It wasn’t quite like the film “Brief Encounter” but romance certainly blossomed for Dick Mcfarlane in the unusual setting of Woodlesford station. There, in between pulling off the signals, he struck up a relationship with a girl from Swillington who he later married.
Richard William Mcfarlane was born at Scarborough in 1909. When he was a child he moved with his family to Stourton where his father worked in an engineering works. It was probably whilst living at Ida Mount close to the Midland Railway and their wagon repair shop on the other side of Queen Street that Richard’s interest in railways started.
His first job after leaving school at the age of 14 was in a factory nearby but within a few years he moved to become a porter at Woodlesford station which in 1923 became part of the London Midland & Scottish Railway. It’s likely that he would have cycled to work along the canal towpath from Ida Mount.
A few years later Dick became a signalman and began to work the signal box at Woodlesford and probably other boxes in the area. He met his future wife, Marianne Gummerson, as she travelled to study shorthand at Pitman’s Secretarial School and College of Commerce in Leeds. They were eventually married at Swillington church in 1936 and their daughter, Joan, was born three years later.
Marianne had been born in 1914 and grew up living in the lodge house at Swillington Bridge. Her father, Edwin, was a colliery blacksmith who followed in the footsteps of his father, a colliery engineman.
Marianne’s mother was Nellie Bean whose father and grandfather had both been tailors in Swillington making clothes for the Lowther family.
With a steady income from the railway Dick and Marianne were able to raise a mortage from the council and buy a house on The Grove at Little Preston. From there he commuted to Woodlesford by bike. Later he graduated to an auto-bike and later still a B.S.A. 250 motorbike.

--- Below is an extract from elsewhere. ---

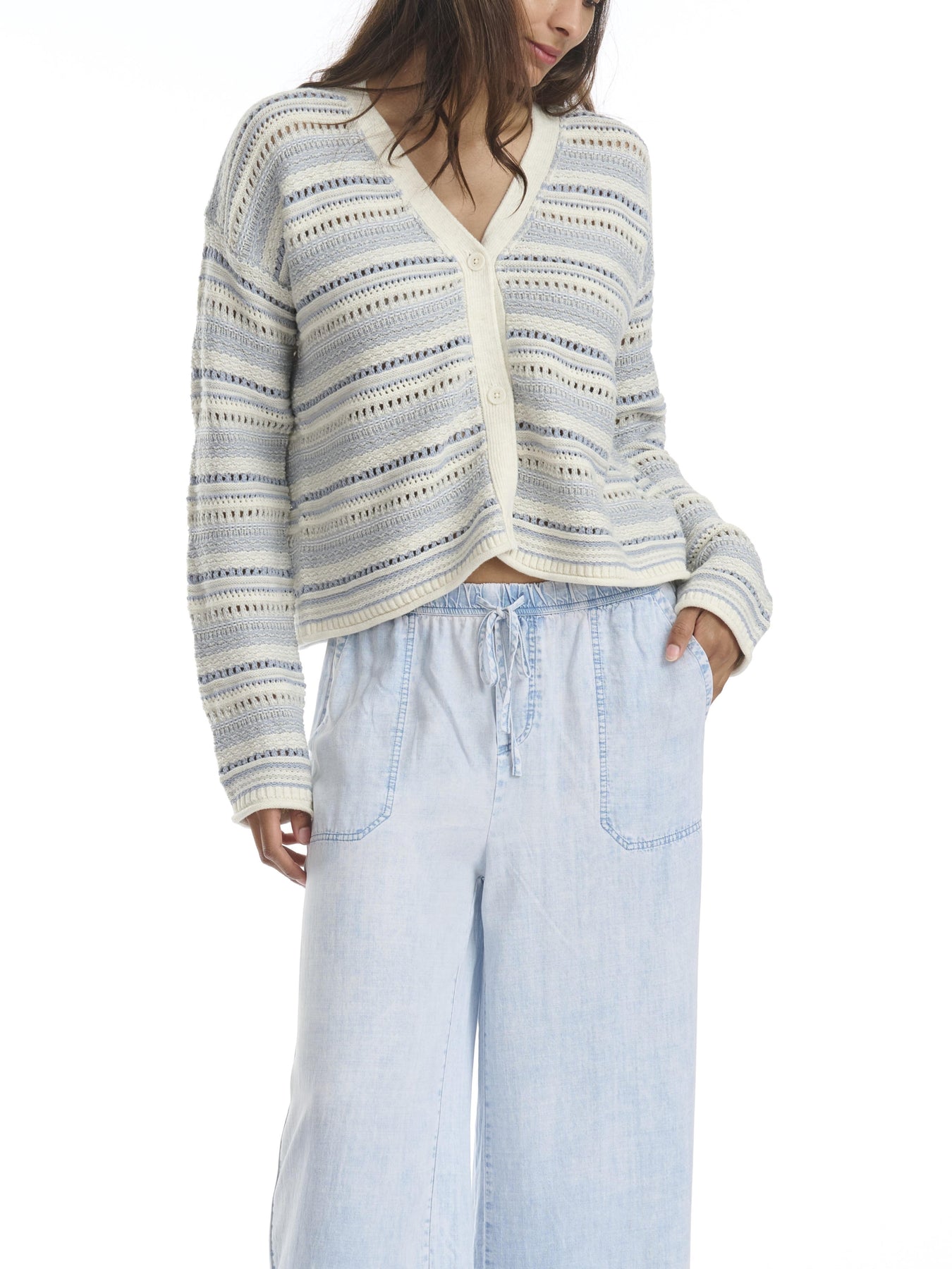 We made a beach day into a cardigan. With its airy knit and coastal-inspired stripes, this cardigan is the perfect warm weather layer.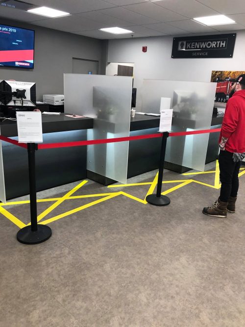 – Mise en place d’un ruban jaune face aux comptoirs des aviseurs et des commis aux pièces. Celui-ci indique la distance à respecter entre le client et l’employé. Cette mesure s’inscrit par ailleurs dans la recommandation de M. Legault quant à la distance sécuritaire minimale d’un (1) mètre. Notons également que pour l’instant, nous demandons aux clients et aux employés de ne pas se serrer la main afin de limiter les risques de contagion;

Dick’s daughter remembers that at some point in his career her father was signalman at Horton-in-Ribblesdale on the Settle and Carlisle line where the signal box was similar to the one at Woodlesford. That suggests he was skilled as a “relief” signalmen qualified to operate a number of boxes.
He also worked at several boxes in Leeds including the main box at Leeds City station, Leeds City Junction on the triangle of lines around Matthew Mrray’s “Steam Hall,” and at Neville Hill on the other side of the city. When he retired in 1974 he was based on the centralised control panel inside the office block at Leeds station which came into operation when the station was remodelled in 1967. It replaced most of the old signal boxes in the Leeds district.